Hello,I hope things are going well for you! Iam also due to start the same cocktail as yourself on the 16th nov 09,iam a little worried, i dont like not knowing the unknown!! hope things go well for you.x jayne
so glad Im not the only one that is eating anything and everything! Talk about a whole food diet!!! I cant walk through the kitchen without poking in the cupboards and seeing what I can eat - even in the middle of the night. Hot cross buns are doing it for me at the moment and I dont even usually like cinnamon!!!
Had bloods done this morning ready for round 2 on thursday - yikes, here we go again!!
Karen xx
If anyone is really bored and wants to listen to music to take their mind off things!! I recorded a concert singing with the BBC concert orchestra for Radio 2 ‘Friday night is music night’ in January before all this cancer stuff!! They repeated the concert on Friday and it is still available on BBC iplayer! It’s the ronnie scotts concert on there. Anyway, it may cheer you up! Am alot fatter and more miserable and with less hair than i was then though ! Oh well!
wooooooow, you sound amazing! Id love to be able to sing, thats incredible!
Its sad that we cant do the things that we love right now but its only for now. my chemo is due to finish 9th dec, im telling them picc line out then i am sneaking a few martial arts lessons in before surgery.

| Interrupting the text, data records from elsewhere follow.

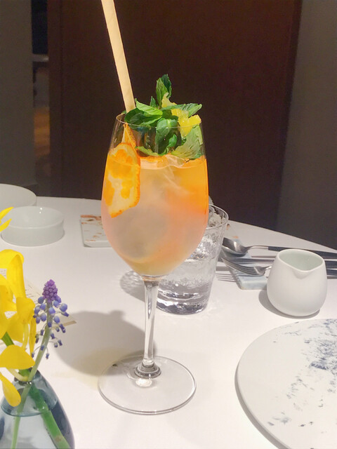 私も妻もドリンクは、ソムリエの関本さんにお任せ♪いつも素敵なワインやノンアルコールドリンクを出していただけます。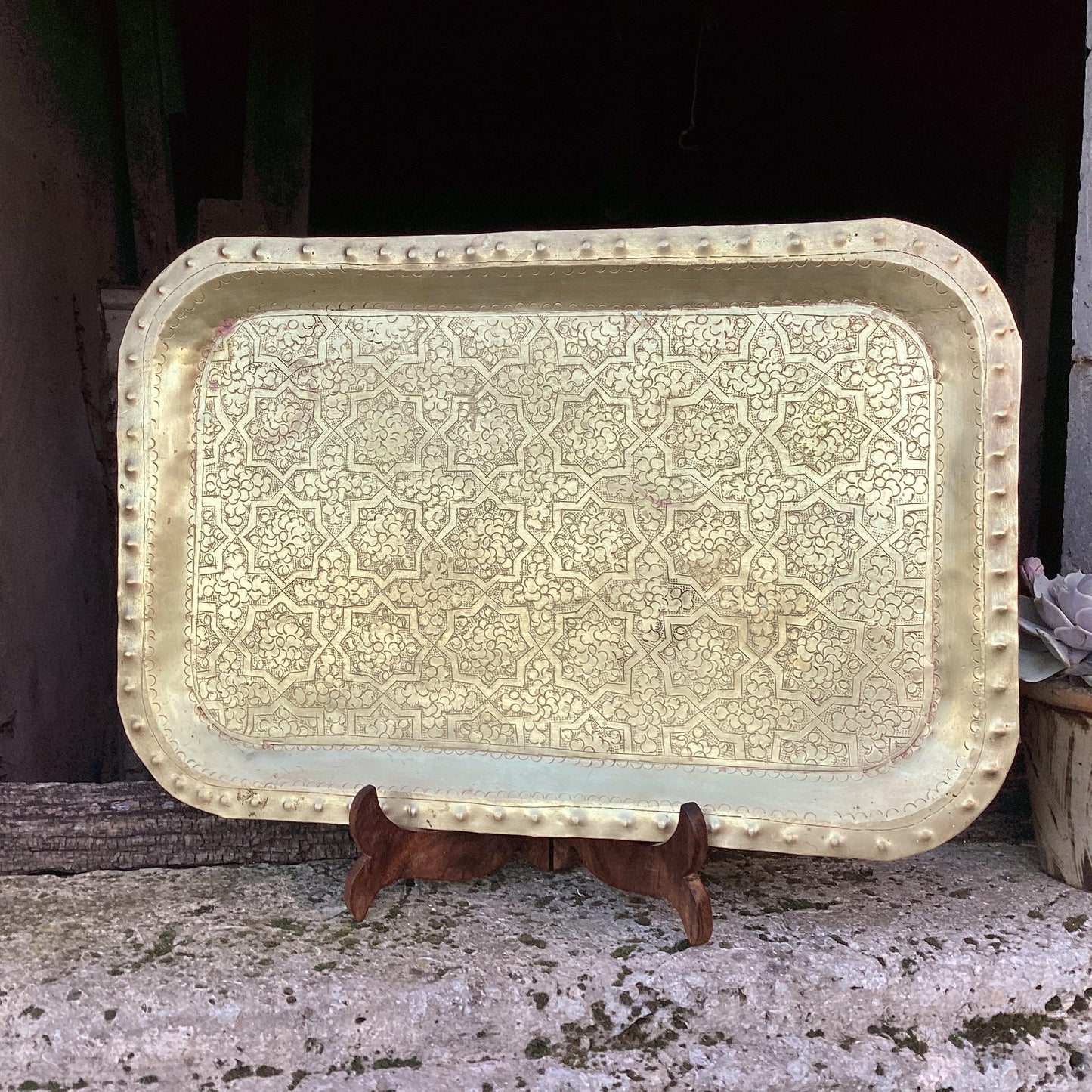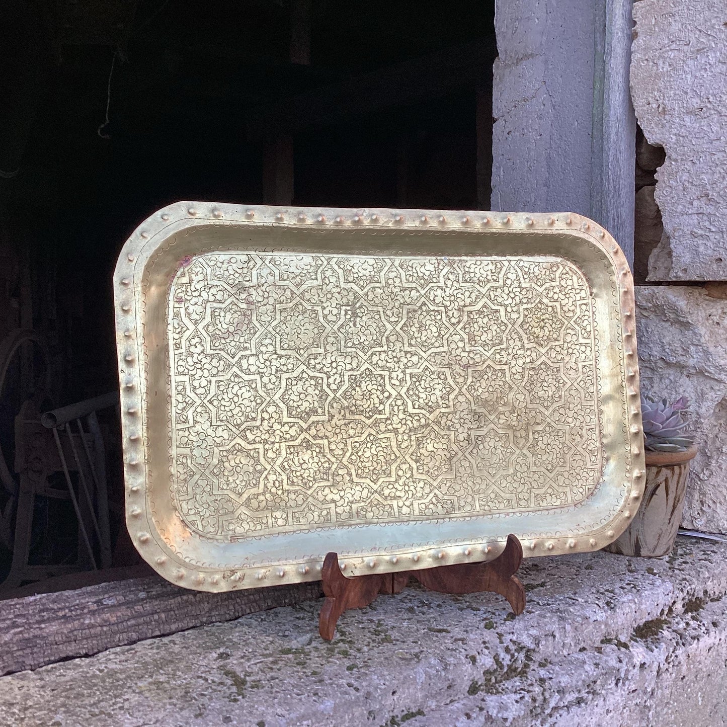 Add Vintage North African Brass Tray, Engraved Gold Decor to the cart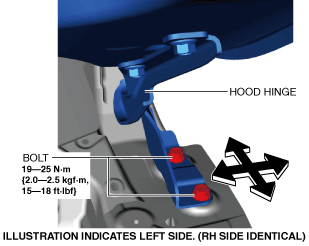 3.Tighten the bolts. (See HOOD REMOVAL/INSTALLATION.)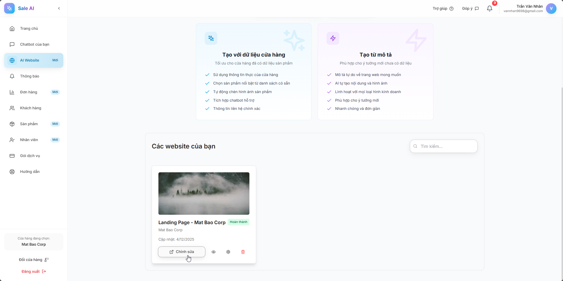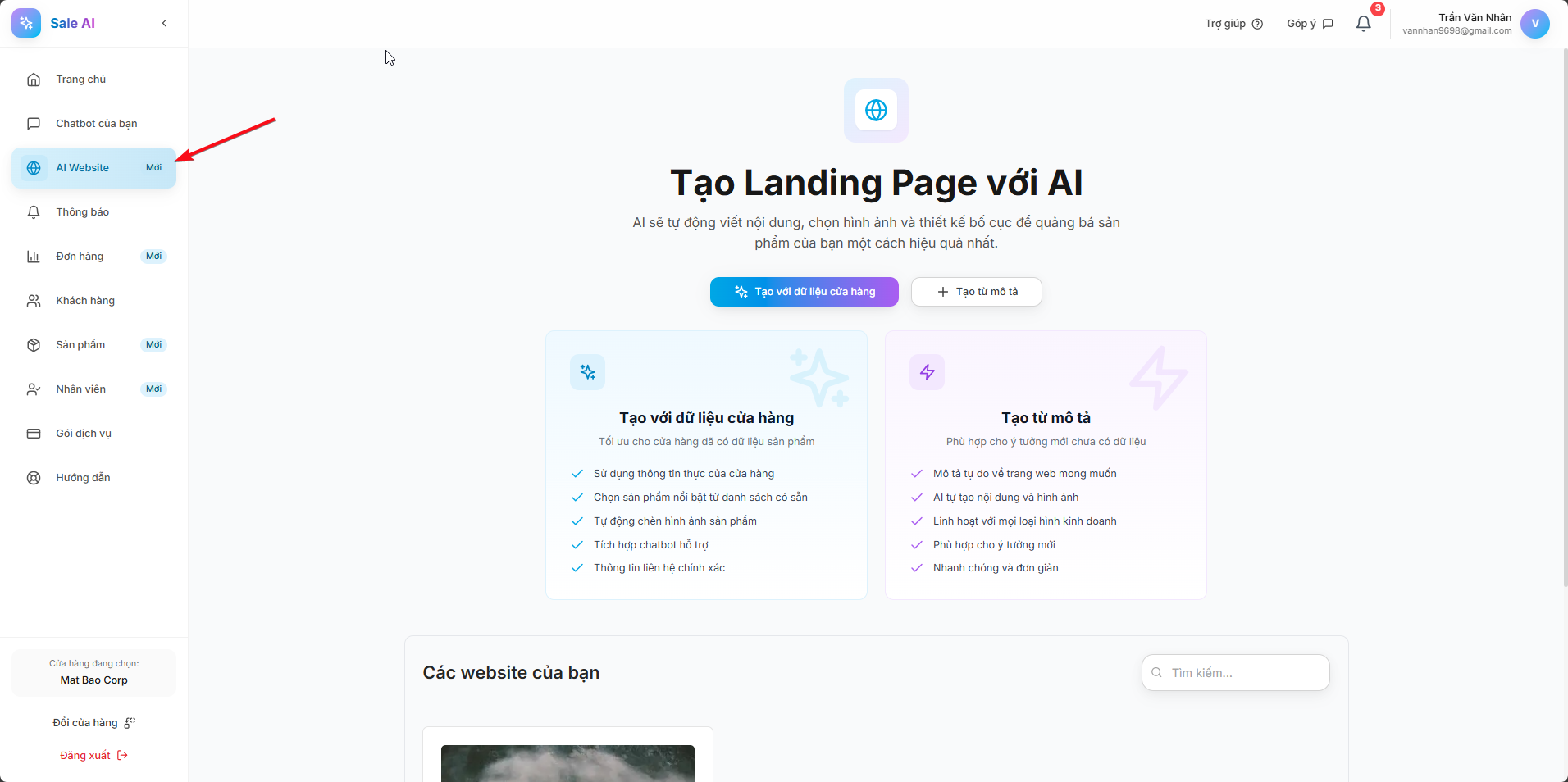 Từ giao diện chính, vào mục AI Website.

We will get back doing the things we love soon!
Let us know when you are back there performing and i will surely get my ticket to come see you.
well done you
anna
breakfast - dry stir fried veg with poached egg - glass of fruit juice. Very healthy (yes I do have odd breakfasts)
lunch - smoked salmon sandwich - not too bad
3pm - entire pepperoni pizza with baked beans! I sort of forgot I’d already eaten lunch. How did that happen?
dinner - nothing - can’t justify it after an entire pizza during the afternoon. Might stretch to an apple.
evening - glass of wine to celebrate my good week.
Who am I kidding on this healthy eating business?
You gotta laugh at us and our crazy eating. My OH who hates food and is stick thin is struggling to hold his breath when he sees what I eat - I think I’m due to seriously get it in the neck from him the moment I finish chemo - he’s being very good at being supportive and not nagging about my dreadful diet at present - bless him.
well we’ve got to do something to keep ourselves amused.
hi, im just laughing to myself, i do this. I eat healthy, fresh fruit, veg etc, then reward myself with some junk! I crave carbs, i have never eaten so much! Im not sure how realistic i am being about getting fit after chemo, its gonna be a long haul, i was painting the hall, stairs and landing today and was sweating! Maybe start a post chemo fitness thread off when the time comes, to shame me back into it!